About this task ▸
Please repeat each line below exactly, with no images in the copy.

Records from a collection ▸
^^^^^^^^^^^^^^^^

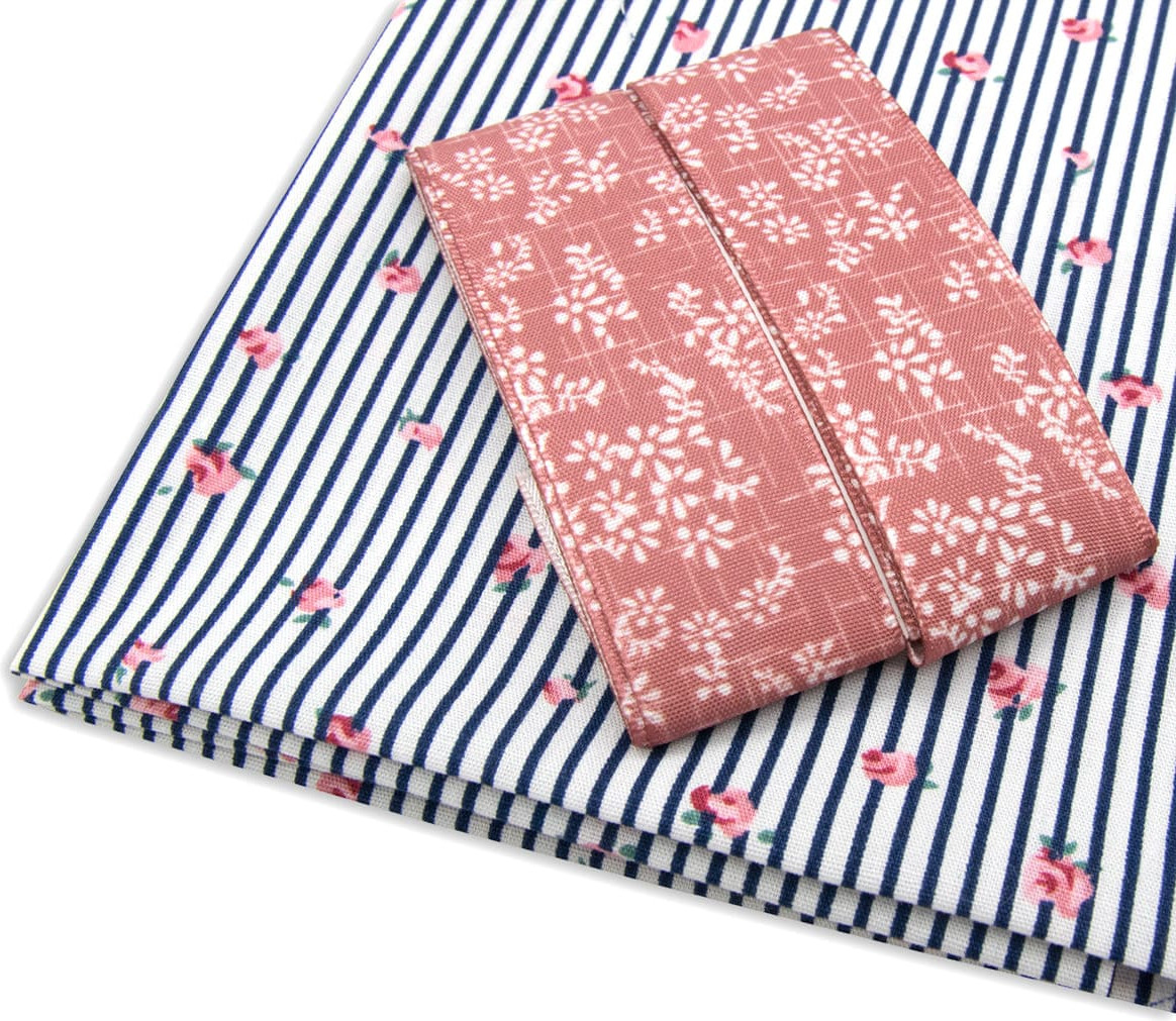 Лоскут хлопчатобумажной ткани с лентой — основа для ваших поделок. Лента и ткань идеально сочетаются между собой по цвету и рисунку.
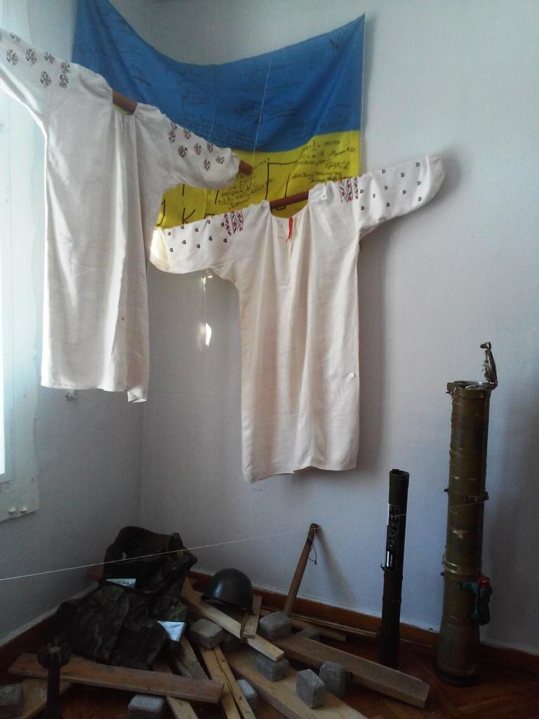 Колекція сорочок, представлена на виставці, належить ветерану Майдану та АТО бійцю «Айдару» Миколі Павлюченку, котрий врятував її в Старобільську. Вишиті білим по білому занизані мережкою сорочки, цікаві своїм оздобленням юпки (верхній одяг, легка вкорочена жіноча свита), прикрашені оксамитом керсетки (жіночий верхній одяг, без рукавів, пошитий у талію), пояси-крайки, костюми Слобожанщини ХІХ – початку ХХ століть – це унікальні речі культури українського Сходу країни. Вони представлені в експозиції поряд із реаліями сьогоднішнього Донбасу, атрибутами неоголошеної війни в Україні: маскувальною сіткою, бронежилетом, залишками снарядів від «градів»…
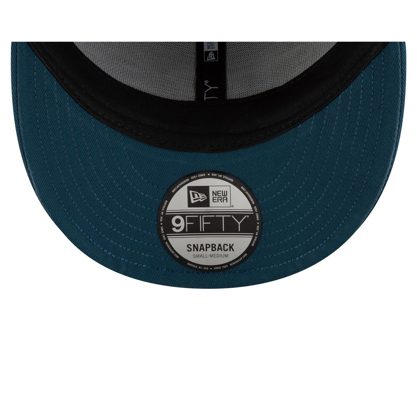 The Quadrant Deep Teal 9FIFTY Snapback features an embroidered Quadrant logo at the front panels with embroidered leaves at a frayed edged visor. Additional details include a distorted HD print Quadrant wordmark at the right-wear side and a QDRNT wordmark above an adjustable snapback closure at the rear.
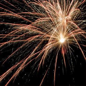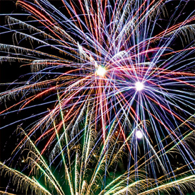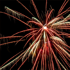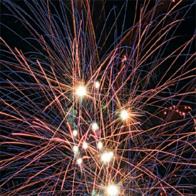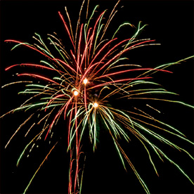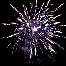 Разноцветные кометы, свистящие кометы разрываются сферами из: зеленых огней с серебряными форсами; синих огней; красных огней; зеленых огней; белых мерцающих огней; зеленых мерцающих огней; фиолетовых огней с серебряными форсами; золотых мерцающих форсов; трещащих огней. Красочная концовка из нескольких залпов.
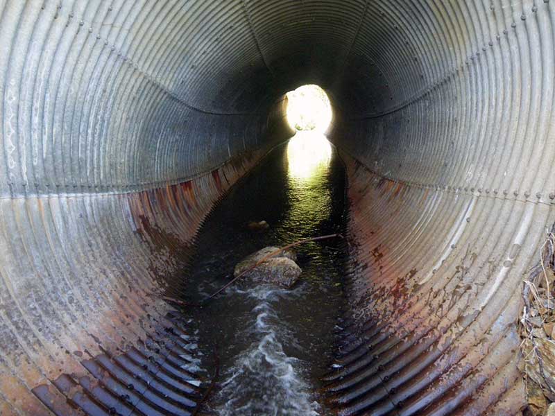 ID: 1 Structure Type: Circular pipe (Structural steel plate) Fish Passage Rating: Red
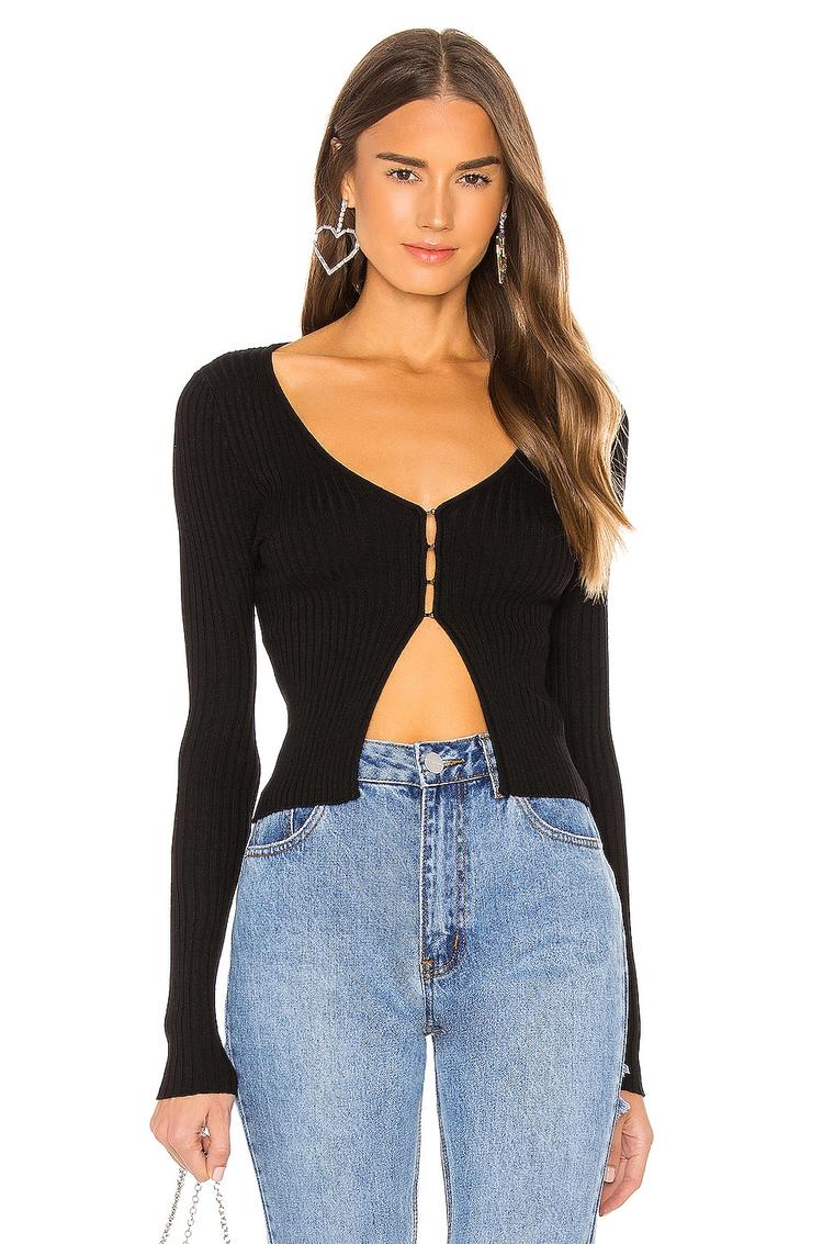 Sleek rib knit texture and a fitted silhouette define this cropped top, featuring a chic V-neck and long regular sleeves. The partial front hook-and-eye closure adds subtle detailing, enhancing its minimalist modern appeal. Crafted from a comfortable blend of viscose, nylon, and elastane, this versatile piece works effortlessly for casual outings, brunch dates, or night out events. Its matte black hue makes it a timeless staple that pairs well with high-waisted denim or skirts, perfect for all seasons and easy to style for multiple occasions.
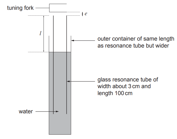 When resonance first occurs the length of air in the tube, l, plus a small end correction, e (to account for the position of the tuning fork above the tube) will be equal to a quarter of a wavelength. Hence:
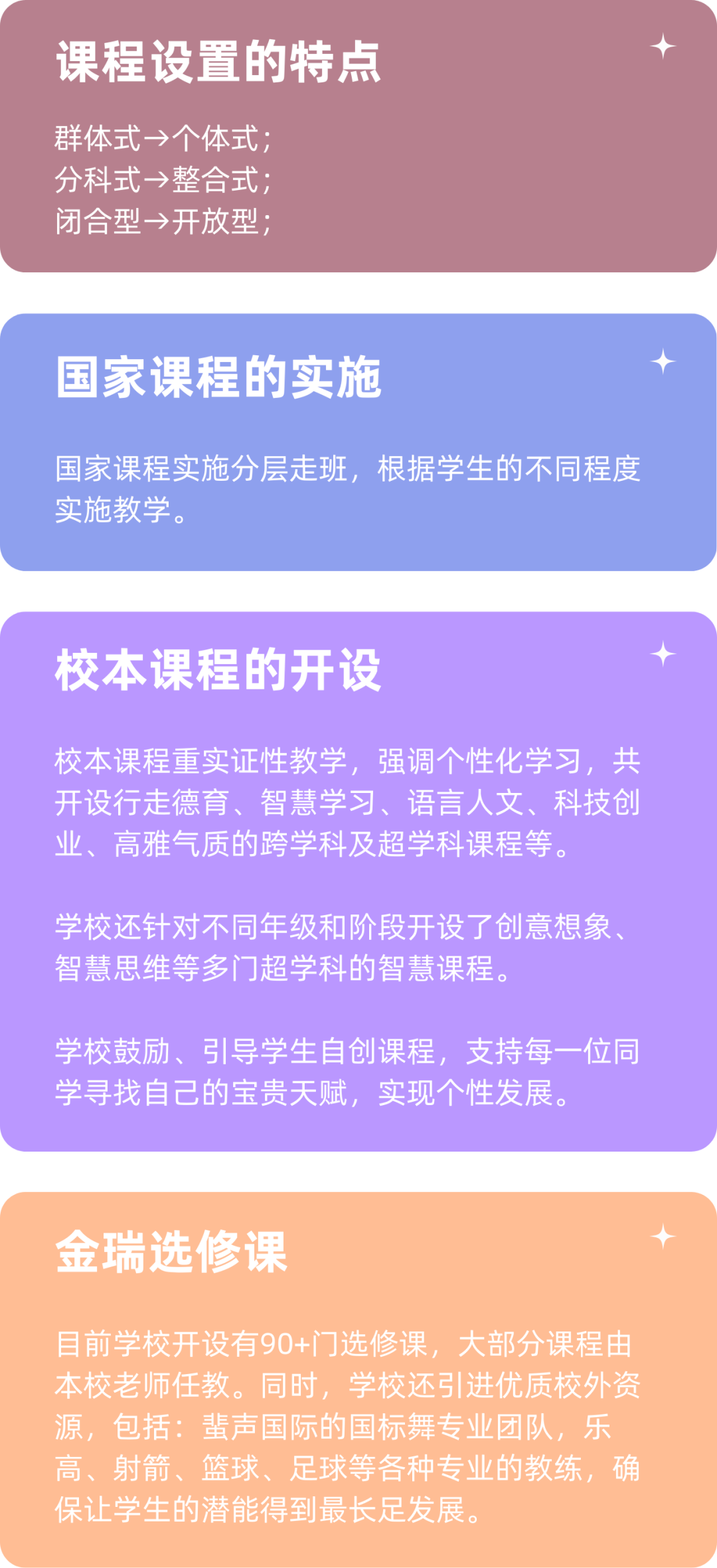 - 九年级课程,适当的时候,家长、学生和老师会进行一次深度交流和评估,学校根据结果会在 9 年级为学生安排既能满足其个性发展需求,又符合国家课程计划要求的配套课程。
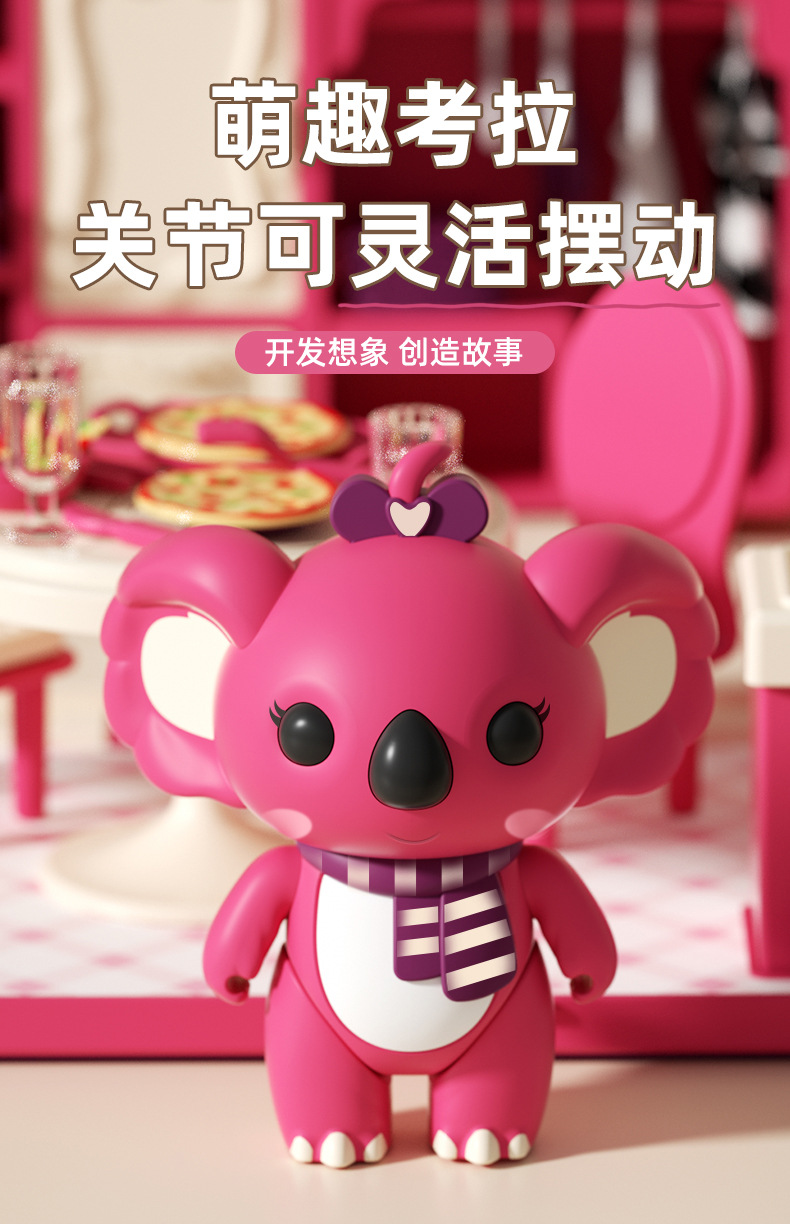 ピンクのRV + コアラ1匹,旅行用RV(フィギュアなし),ランダムな人形
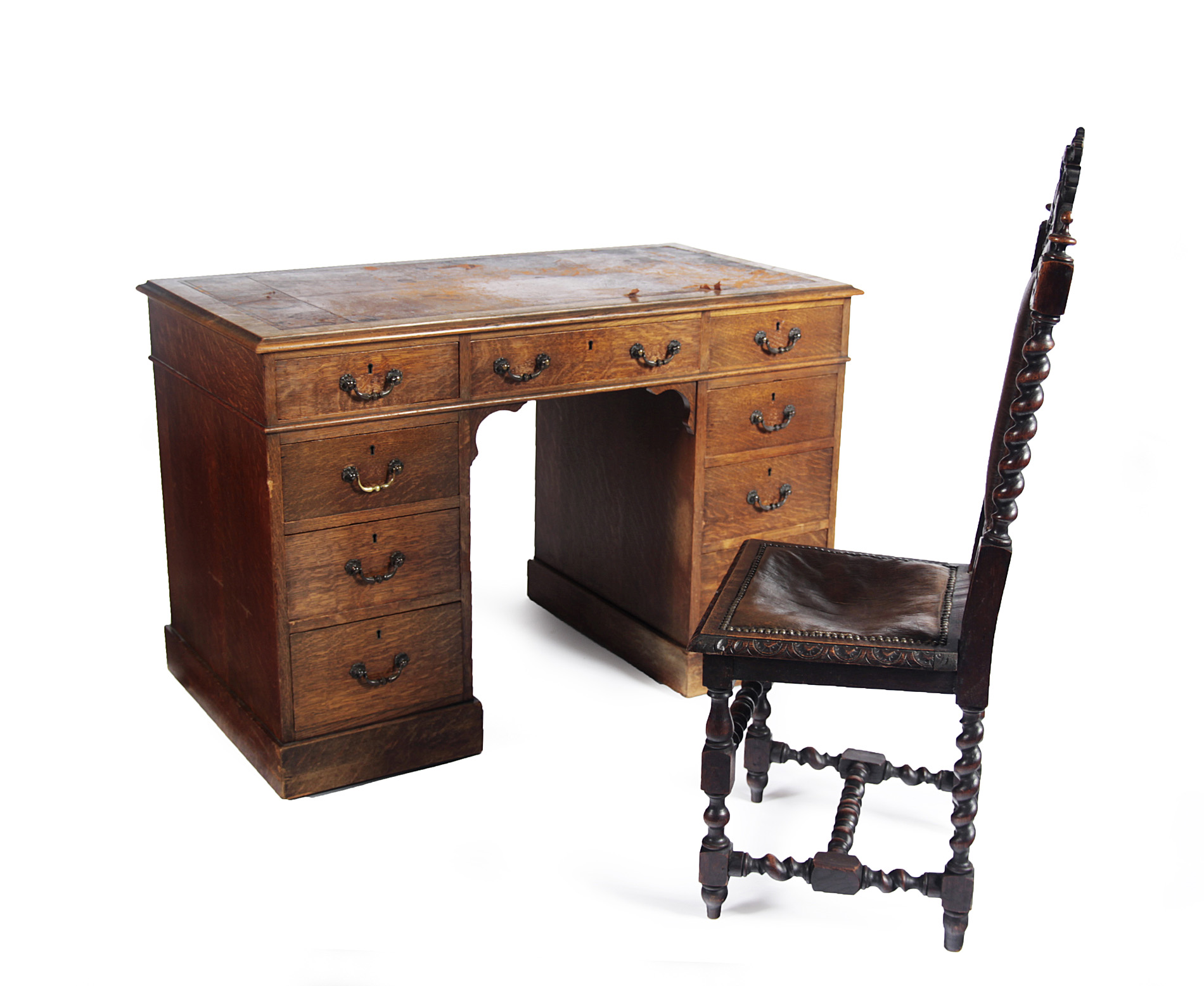 the moulded rectangular top with inset skiver above three frieze drawers, over six pedestal drawers, raised on plinth bases; 122cm wide, 80cm high, 66cm deep also a Victorian Carolean style side chair, the cushioned splat flanked by spiral turned supports, over a cushioned seat, raised on spiral turned legs and stretchers;47cm wide, 116cm high, 42cm deep
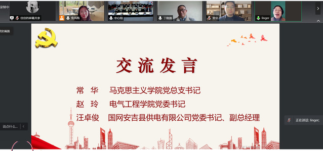 赵玲表示,丁教授的授课深入浅出、耐人回味,让我们充分感受到了一位党史研究者的专业与严谨。 、马克思主义学院与国网安吉供电公司共同联建学习,是我校在专业教学课程思政、思政课主渠道以及电力企业用人单位三方在协同育人方面做出的探索和努力,提供了一起学习交流如何在人才培养工作中从党的百年奋斗历程中汲取经验、智慧和力量的机会。疫情当前,我们更要学会在疫情防控的工作落实中弘扬和践行伟大建党精神。

^^^^^^^^^^^^^^^^

Written response ▸
 Лоскут хлопчатобумажной ткани с лентой — основа для ваших поделок. Лента и ткань идеально сочетаются между собой по цвету и рисунку.
 Колекція сорочок, представлена на виставці, належить ветерану Майдану та АТО бійцю «Айдару» Миколі Павлюченку, котрий врятував її в Старобільську. Вишиті білим по білому занизані мережкою сорочки, цікаві своїм оздобленням юпки (верхній одяг, легка вкорочена жіноча свита), прикрашені оксамитом керсетки (жіночий верхній одяг, без рукавів, пошитий у талію), пояси-крайки, костюми Слобожанщини ХІХ – початку ХХ століть – це унікальні речі культури українського Сходу країни. Вони представлені в експозиції поряд із реаліями сьогоднішнього Донбасу, атрибутами неоголошеної війни в Україні: маскувальною сіткою, бронежилетом, залишками снарядів від «градів»…
 The Quadrant Deep Teal 9FIFTY Snapback features an embroidered Quadrant logo at the front panels with embroidered leaves at a frayed edged visor. Additional details include a distorted HD print Quadrant wordmark at the right-wear side and a QDRNT wordmark above an adjustable snapback closure at the rear.
 Разноцветные кометы, свистящие кометы разрываются сферами из: зеленых огней с серебряными форсами; синих огней; красных огней; зеленых огней; белых мерцающих огней; зеленых мерцающих огней; фиолетовых огней с серебряными форсами; золотых мерцающих форсов; трещащих огней. Красочная концовка из нескольких залпов.
 ID: 1 Structure Type: Circular pipe (Structural steel plate) Fish Passage Rating: Red
 Sleek rib knit texture and a fitted silhouette define this cropped top, featuring a chic V-neck and long regular sleeves. The partial front hook-and-eye closure adds subtle detailing, enhancing its minimalist modern appeal. Crafted from a comfortable blend of viscose, nylon, and elastane, this versatile piece works effortlessly for casual outings, brunch dates, or night out events. Its matte black hue makes it a timeless staple that pairs well with high-waisted denim or skirts, perfect for all seasons and easy to style for multiple occasions.
 When resonance first occurs the length of air in the tube, l, plus a small end correction, e (to account for the position of the tuning fork above the tube) will be equal to a quarter of a wavelength. Hence:
 - 九年级课程,适当的时候,家长、学生和老师会进行一次深度交流和评估,学校根据结果会在 9 年级为学生安排既能满足其个性发展需求,又符合国家课程计划要求的配套课程。
 ピンクのRV + コアラ1匹,旅行用RV(フィギュアなし),ランダムな人形
 the moulded rectangular top with inset skiver above three frieze drawers, over six pedestal drawers, raised on plinth bases; 122cm wide, 80cm high, 66cm deep also a Victorian Carolean style side chair, the cushioned splat flanked by spiral turned supports, over a cushioned seat, raised on spiral turned legs and stretchers;47cm wide, 116cm high, 42cm deep
 赵玲表示,丁教授的授课深入浅出、耐人回味,让我们充分感受到了一位党史研究者的专业与严谨。 、马克思主义学院与国网安吉供电公司共同联建学习,是我校在专业教学课程思政、思政课主渠道以及电力企业用人单位三方在协同育人方面做出的探索和努力,提供了一起学习交流如何在人才培养工作中从党的百年奋斗历程中汲取经验、智慧和力量的机会。疫情当前,我们更要学会在疫情防控的工作落实中弘扬和践行伟大建党精神。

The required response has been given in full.